Search This Blog

Thursday, September 10, 2015

Annulments: Pope has come down in favour of Cardinal Müller

Annulments: Pope has come down in favour of Cardinal Müller, not Cardinal Marx
by Fr Alexander Lucie-Smith
posted Tuesday, 8 Sep 2015

Pope Francis wants to help people stuck by the process 
(CNS photo/Paul Haring)

The Pope wishes to speed up annulments, but not compromise doctrine

The Pope has published two documents today which lay down important reforms in the annulment process. Just how important this may be, only time will tell, but all the indications are that this is a major innovation, and a welcome one.

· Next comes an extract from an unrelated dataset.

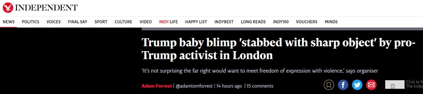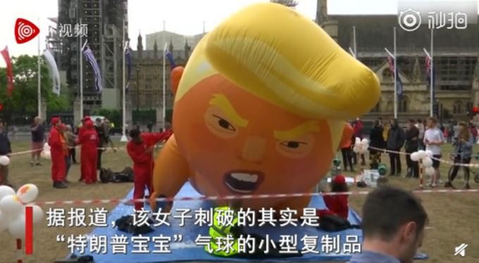 然而,根据看管“特朗普宝宝”的“保姆”团队说法,当天晚时,一名特朗普女支持者靠近英国下议院外的活动人群,并用尖锐物从背部刺破了“特朗普宝宝”的复制品。“一名女性...用尖锐物戳破了‘特朗普宝宝’的小型复制品”,该团队发言人说。

The two motu proprio are available on the Vatican website so far only in Latin and Italian, but there is a summary of the main points here from Vatican Radio, and there is penetrating commentary, as ever, from the Vaticanista John Allen.

This move by the Pope – and a motu proprio has the force of law for the Church – will make a huge difference to people who up to now have suffered greatly under the present dispensation. I am thinking of those, in the United Kingdom, for example, who have been forced to wait up to five years for the process to play out, even though the outcome of that process has been clear from the beginning. And I am thinking of those in Africa (and there may be other places too) where there is no diocesan tribunal, and who cannot get an annulment at all. For people caught up in these situations, there will now be a faster track approach, or a decision made by the local bishop.

The annulment process has, perhaps unfairly, not had a good press. These reforms will make the process much more “agile” (to use the word of Vatican Radio). It was this that the Extraordinary Synod on the Family asked for last year. Well, now they have it, and rather more quickly than any of us had imagined.

Also of note, bearing in mind the upcoming Synod, is this, in the original Italian:

Non mi è tuttavia sfuggito quanto un giudizio abbreviato possa mettere a rischio il principio dell’indissolubilità del matrimonio; appunto per questo ho voluto che in tale processo sia costituito giudice lo stesso Vescovo, che in forza del suo ufficio pastorale è con Pietro il maggiore garante dell’unità cattolica nella fede e nella disciplina.

In my English translation:

In no wise did it escape my notice that an abbreviated process of judgment might put at risk the principle of the indissolubility of marriage: for this very reason, I have desired that in such cases the Bishop himself, who, because of his pastoral office is with Peter the greatest guarantor of Catholic unity in faith and in discipline, shall be the judge.


This perhaps is the clear statement that many of us have been hoping for. The Pope wishes to speed up annulments, but he does not want to compromise the doctrine of indissolubility. Because bishops will judge, and because bishops are charged with upholding the faith in union with the Holy See, the doctrine of indissolubility will be safeguarded. One notes the way the Pope speaks of “faith and discipline” – the latter reflects the former, and the two cannot be seperated. That is a crucial point and it gives a hint to the discussions at the coming Synod, where, one hopes, all talk of faith and discipline parting compnay will be sternly resisted.

One also notes the reference to the “Catholic unity” that exists between Peter and the bishops. We all know that Catholic means universal. This too is a hint that so called “local solutions” will be given short shrift. The Church is One, as the Creed states: Germany will not be getting what it wants. The Pope has come down in favour of Cardinal Müller, not Cardinal Marx.